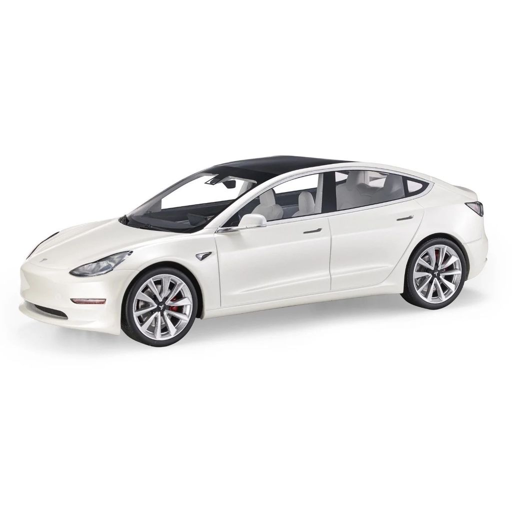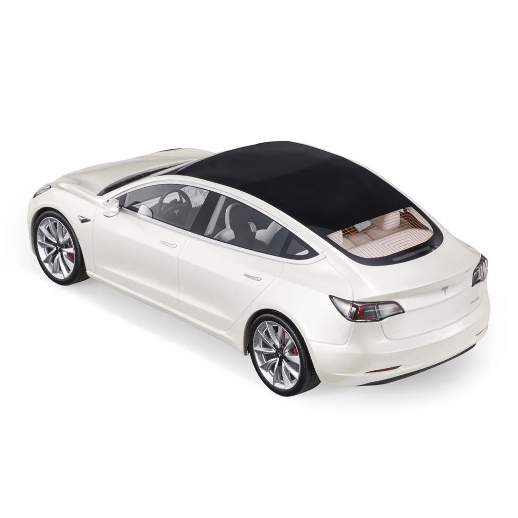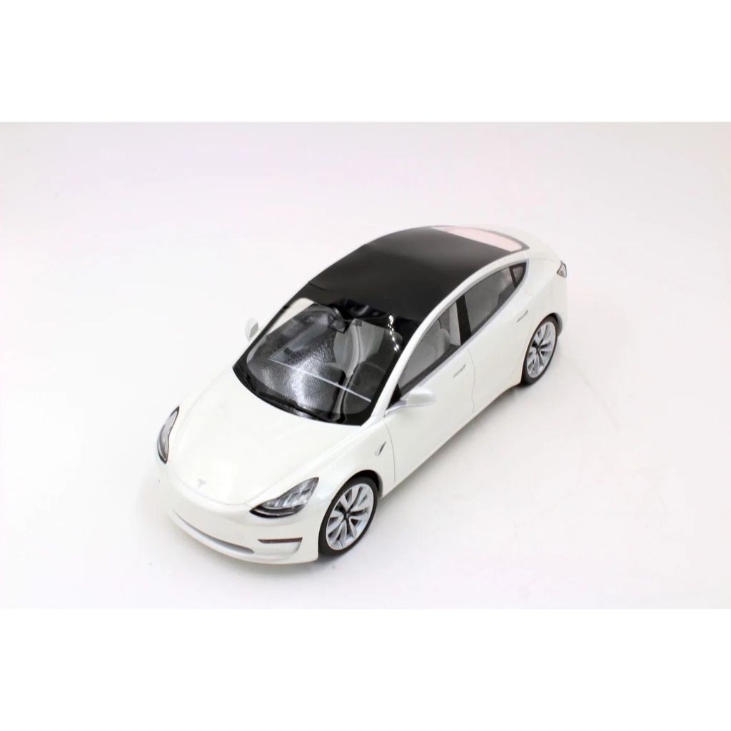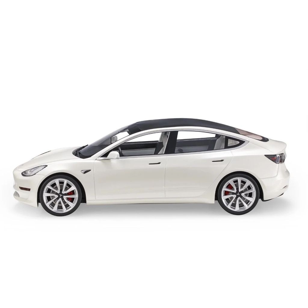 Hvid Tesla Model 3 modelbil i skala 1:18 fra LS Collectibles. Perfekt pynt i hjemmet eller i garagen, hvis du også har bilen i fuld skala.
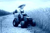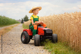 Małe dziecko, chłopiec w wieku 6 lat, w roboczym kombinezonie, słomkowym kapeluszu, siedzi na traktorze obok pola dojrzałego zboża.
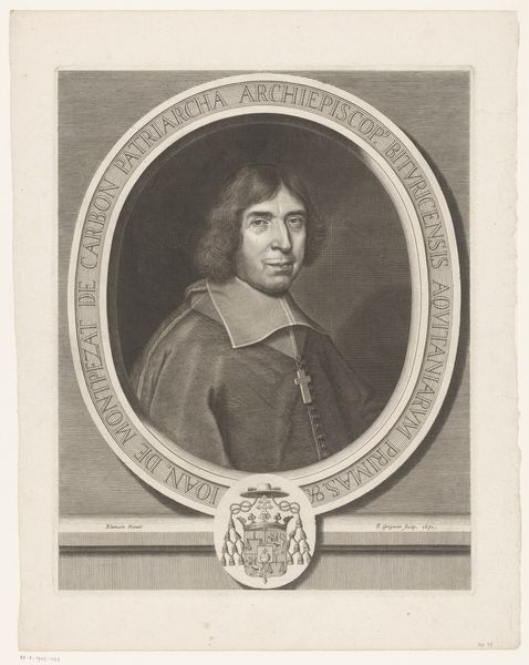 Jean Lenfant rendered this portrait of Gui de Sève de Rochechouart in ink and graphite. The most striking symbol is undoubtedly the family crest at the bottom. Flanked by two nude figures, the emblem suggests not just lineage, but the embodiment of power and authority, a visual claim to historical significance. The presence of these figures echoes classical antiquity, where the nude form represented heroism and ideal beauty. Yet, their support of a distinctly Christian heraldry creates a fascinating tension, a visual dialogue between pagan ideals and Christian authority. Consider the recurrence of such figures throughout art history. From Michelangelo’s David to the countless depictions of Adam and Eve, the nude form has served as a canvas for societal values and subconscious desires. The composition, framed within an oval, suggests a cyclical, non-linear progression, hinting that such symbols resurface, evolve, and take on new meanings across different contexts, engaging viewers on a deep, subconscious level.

■ ■ ■ ■ ■

_Your instructions_
Write out the data above exactly, minus any images.

_Your solution_
 Hvid Tesla Model 3 modelbil i skala 1:18 fra LS Collectibles. Perfekt pynt i hjemmet eller i garagen, hvis du også har bilen i fuld skala.
 Małe dziecko, chłopiec w wieku 6 lat, w roboczym kombinezonie, słomkowym kapeluszu, siedzi na traktorze obok pola dojrzałego zboża.
 Jean Lenfant rendered this portrait of Gui de Sève de Rochechouart in ink and graphite. The most striking symbol is undoubtedly the family crest at the bottom. Flanked by two nude figures, the emblem suggests not just lineage, but the embodiment of power and authority, a visual claim to historical significance. The presence of these figures echoes classical antiquity, where the nude form represented heroism and ideal beauty. Yet, their support of a distinctly Christian heraldry creates a fascinating tension, a visual dialogue between pagan ideals and Christian authority. Consider the recurrence of such figures throughout art history. From Michelangelo’s David to the countless depictions of Adam and Eve, the nude form has served as a canvas for societal values and subconscious desires. The composition, framed within an oval, suggests a cyclical, non-linear progression, hinting that such symbols resurface, evolve, and take on new meanings across different contexts, engaging viewers on a deep, subconscious level.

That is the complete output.